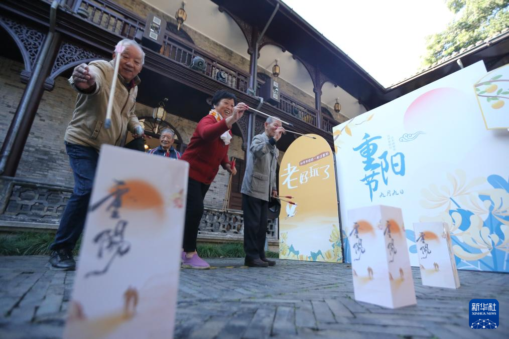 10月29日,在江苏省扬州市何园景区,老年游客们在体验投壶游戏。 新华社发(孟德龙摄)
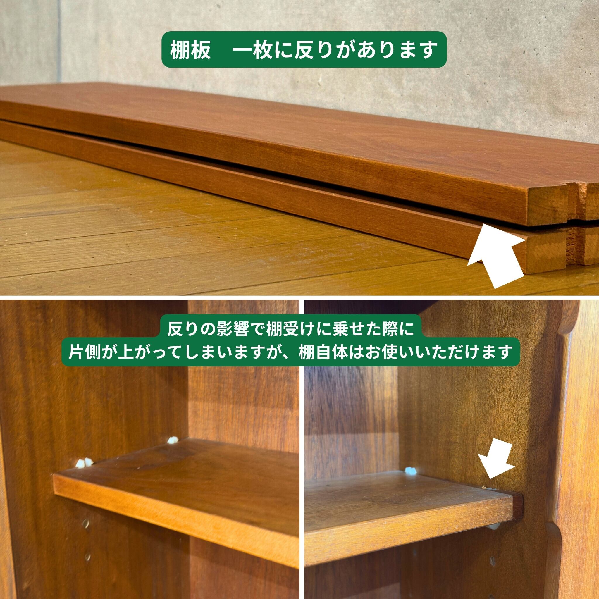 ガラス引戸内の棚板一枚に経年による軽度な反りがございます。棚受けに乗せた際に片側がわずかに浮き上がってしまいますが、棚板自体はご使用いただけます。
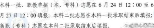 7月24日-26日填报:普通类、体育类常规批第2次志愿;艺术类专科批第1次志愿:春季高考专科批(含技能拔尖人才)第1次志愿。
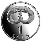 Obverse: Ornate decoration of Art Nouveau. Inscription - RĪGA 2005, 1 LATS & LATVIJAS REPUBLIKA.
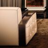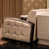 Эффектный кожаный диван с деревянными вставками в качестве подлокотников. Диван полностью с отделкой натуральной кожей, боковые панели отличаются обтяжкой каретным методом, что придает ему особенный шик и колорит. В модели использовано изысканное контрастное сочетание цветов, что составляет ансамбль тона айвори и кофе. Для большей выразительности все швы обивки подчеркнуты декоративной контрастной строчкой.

## Problem to solve
Give back all the records as they stand, but with no pictures in the copy.

## Worked solution
 10月29日,在江苏省扬州市何园景区,老年游客们在体验投壶游戏。 新华社发(孟德龙摄)
 ガラス引戸内の棚板一枚に経年による軽度な反りがございます。棚受けに乗せた際に片側がわずかに浮き上がってしまいますが、棚板自体はご使用いただけます。
 7月24日-26日填报:普通类、体育类常规批第2次志愿;艺术类专科批第1次志愿:春季高考专科批(含技能拔尖人才)第1次志愿。
 Obverse: Ornate decoration of Art Nouveau. Inscription - RĪGA 2005, 1 LATS & LATVIJAS REPUBLIKA.
 Эффектный кожаный диван с деревянными вставками в качестве подлокотников. Диван полностью с отделкой натуральной кожей, боковые панели отличаются обтяжкой каретным методом, что придает ему особенный шик и колорит. В модели использовано изысканное контрастное сочетание цветов, что составляет ансамбль тона айвори и кофе. Для большей выразительности все швы обивки подчеркнуты декоративной контрастной строчкой.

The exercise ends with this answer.